By omitting the α subunit, the Ca positions of the holostructure and ΔBΔZNifDK are very similar, but deviations do occur in the surface helix βLys400-βAla411 and the helix loop βGlu202-βLys222. The displacement of the helices ~2 Å at a site distal and opposite to the FeMo co-binding site suggests that a region of flexibility could be related to the maturation of the P cluster (Figure 51). The maturation of the complex nitrogenase cofactors, the FeMo-co ([7Fe:9S:C:Mo:R-homocitrate]) and the P-cluster ([8Fe:7S]), is a crucial cellular process that provides an intriguing synthetic process. challenge, as well as a delicate logistical operation involving 15 gene products[108].
The initial steps in the maturation process of apo-MoFe-protein into a functional component of the nitrogenase complex are dominated by the stepwise generation of P groups. We solved a 4.4-Å resolution cryo-EM structure of the MoFe protein isolated from a strain ΔnifB ΔnifZ. Deletion of the NifZ gene product confers asymmetric maturation of the P pool in the NifB deletion background, raising important questions about the fusion mechanism.

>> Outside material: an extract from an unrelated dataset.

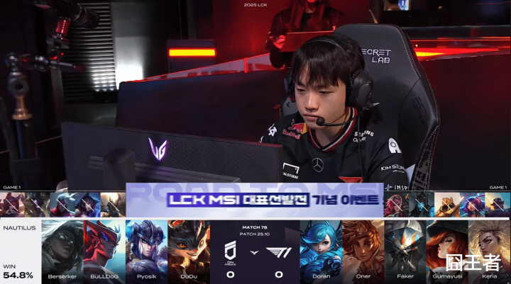 第一局比赛,D NF蓝色方,禁用:潘森、阿狸、韦鲁斯、毒头、霞,采取:DuDu兰博、Pyosik瑟庄妮、BuLLDoG永恩、Berserker赛娜、Andil泰坦;T 1红色方,禁用:蔚、卡莉斯塔、沙皇、妮蔻、布隆,采取:Doran格温、Oner蝎子、Faker岩雀、Gumayusi女枪、Keria芮尔

Our results provide structural evidence for the spectroscopic prediction of asymmetric P cluster maturation and identify a disorder in the α subunit that did not contain a mature P cluster. Further experiments will be needed to investigate the origin of the asymmetric 2[4Fe:4S] fusion, including how it is identified partially matured MoFe protein for further processing. 602,236 particles contributed to the 4.4 Å resolution structure of the ΔBΔZNifDK tetramer with an incompletely occupied α subunit.